Looks like a great ensemble, and you've got some room treatment going on, eh?


----------



## mdrake (Jan 31, 2008)

Nice setup! I really like the way you concealed the Danley horn. :T 

Matt


----------



## fusionrx (Aug 19, 2010)

Well hidden! interesting mix of equipment you have.


----------



## tcarcio (Jun 27, 2007)

ironglen said:


> Looks like a great ensemble, and you've got some room treatment going on, eh?


Thanks. It helps with all that paneling.



mdrake said:


> Nice setup! I really like the way you concealed the Danley horn. :T
> 
> It really was the only option seeing how it is so large. Does move some air though.:clap:
> 
> ...


----------



## engtaz (Jul 9, 2010)

Nice setup. What would you say is the differences between your first set and now?


----------



## tcarcio (Jun 27, 2007)

I would say it is higher end which is obvious but the sound is much more smooth and involving. Plus I think it looks alott better.


----------



## celica_pete21 (Aug 27, 2009)

Great setup. :T I'm a fan for sure


----------



## gorb (Sep 5, 2010)

It certainly does look a lot better. I love seeing pictures of those danleys though. So big! What'd you end up doing with your old subs and speakers?


----------



## ojojunkie (Jun 23, 2010)

with those changes you made, i'm pretty sure it's a big improvement in audio quality..


----------



## Crossblade (Jul 21, 2010)

Love these B&W! Good job with the acoustic panels as well. Pretty system for sure


----------



## tcarcio (Jun 27, 2007)

gorb said:


> It certainly does look a lot better. I love seeing pictures of those danleys though. So big! What'd you end up doing with your old subs and speakers?


Sorry for the late response. :bigsmile:I Sold them and put the money back into the system.


----------



## tcarcio (Jun 27, 2007)

ojojunkie said:


> with those changes you made, i'm pretty sure it's a big improvement in audio quality..


It is. I really like the B+W's even though they are 30 years old.:clap:


----------



## tcarcio (Jun 27, 2007)

Crossblade said:


> Love these B&W! Good job with the acoustic panels as well. Pretty system for sure


Thanks......:wave:


----------



## jimmerz (Feb 1, 2011)

Looks good! What exactly are you room dimensions?


----------



## tcarcio (Jun 27, 2007)

jimmerz said:


> Looks good! What exactly are you room dimensions?


Thanks, The room is 13 wide by 15 long but it has a half wall open to another room.
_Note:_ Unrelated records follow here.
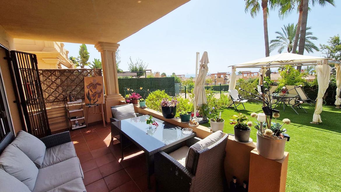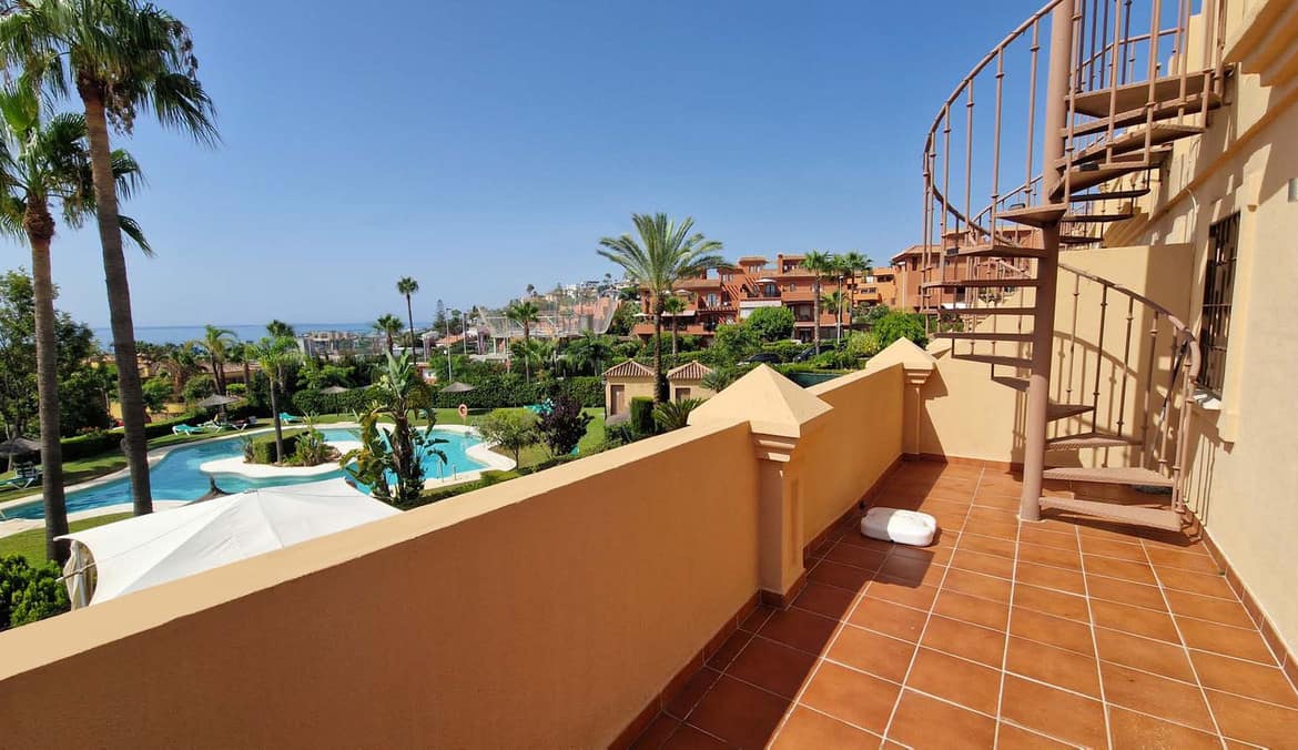VERY NICE SEMI-DETACHED HOUSE WITH SEA VIEWS FOR SALE IN ESTEPONA!! This corner townhouse is located in the sought-after, secure, private development of Galera Park. Located 200 meters from the seafront, its location within the development protects it from the noise of the coastal road. The house is built on four floors. All floors have an elevator. The first level is the private underground garage, where two vehicles can easily be parked. The owner replaced the garage door with a much better-quality automatic one when he bought the property. The second floor consists of a beautiful living/dining room, a fully equipped semi-open kitchen, and a guest toilet. The living room leads out onto a charming terrace with a bit of sea view and a large, pleasant private green area overlooking the pool and the sea. On the first floor, there are three bedrooms and two bathrooms. The master bedroom has an en-suite bathroom and leads out onto a terrace that provides access to the fourth floor, the solarium, from where you can observe the surroundings and enjoy splendid sea views. You can see the sea from the living room terrace and also from the master bedroom terrace. The house has always been very well maintained by its owners, who even soundproofed the side wall of their only neighbor. Many shops are nearby, including two large supermarkets! This property is being sold partially furnished. All appliances remain. Ideal property for a family, either as a primary residence or for vacations.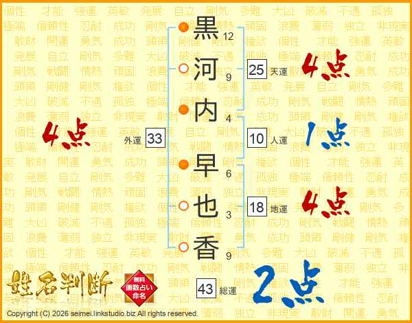 黒(12画)河(9画)内(4画) 早(6画)也(3画)香(9画)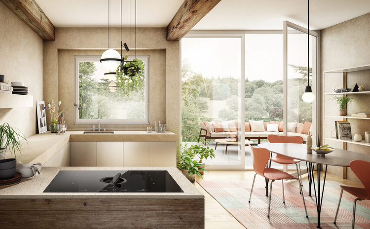 Płyta indukcyjna i okap? W jednym urządzeniu. Wystarczy jedno dotknięcie, aby uwolnić całą moc urządzenia. Można też cieszyć oko dzięki kontrastowi nieskazitelnej czerni powierzchni płyty a białym podświetleniem elementów sterujących. Można też korzystać z wyrafinowanych, automatycznych funkcji, będących zawsze pod ręką i dopasowanych do potrzeb chwili - od powolnego gotowania przydatnego przy podgrzewaniu mleka czy bulionu, przez przygotowywanie kremów oraz sosów bez ich zagotowania, po utrzymywanie temperatury gotowych potraw. Można również aktywować dwie sąsiednie strefy, aby móc równomiernie gotować w większych naczyniach. Urządzenie dba o pochłanianie zbędnych oparów czy zapachów, automatycznie dostosowując intensywność pracy. Większa wydajność wynika między innymi z unowocześnionego filtra, chroniącego przed tłuszczami i nieprzyjemnymi zapachami, zaprojektowanego również z myślą o łatwym czyszczeniu i konserwacji.

I want to close it in but I just haven't had the extra time or money to do it.


----------



## jimmerz (Feb 1, 2011)

Thanks. Mine will be very close to those dimensions...i think 14x17 or 14x18?

Just trying to get ideas.


----------



## speaker-seeker (Jan 30, 2011)

i like your setup but is there enough breathing room between some of the components? like the blue ray on top of the amp?


----------



## tcarcio (Jun 27, 2007)

I have changed the setup so that is no longer the case. I now have it all seperate from the amp.


----------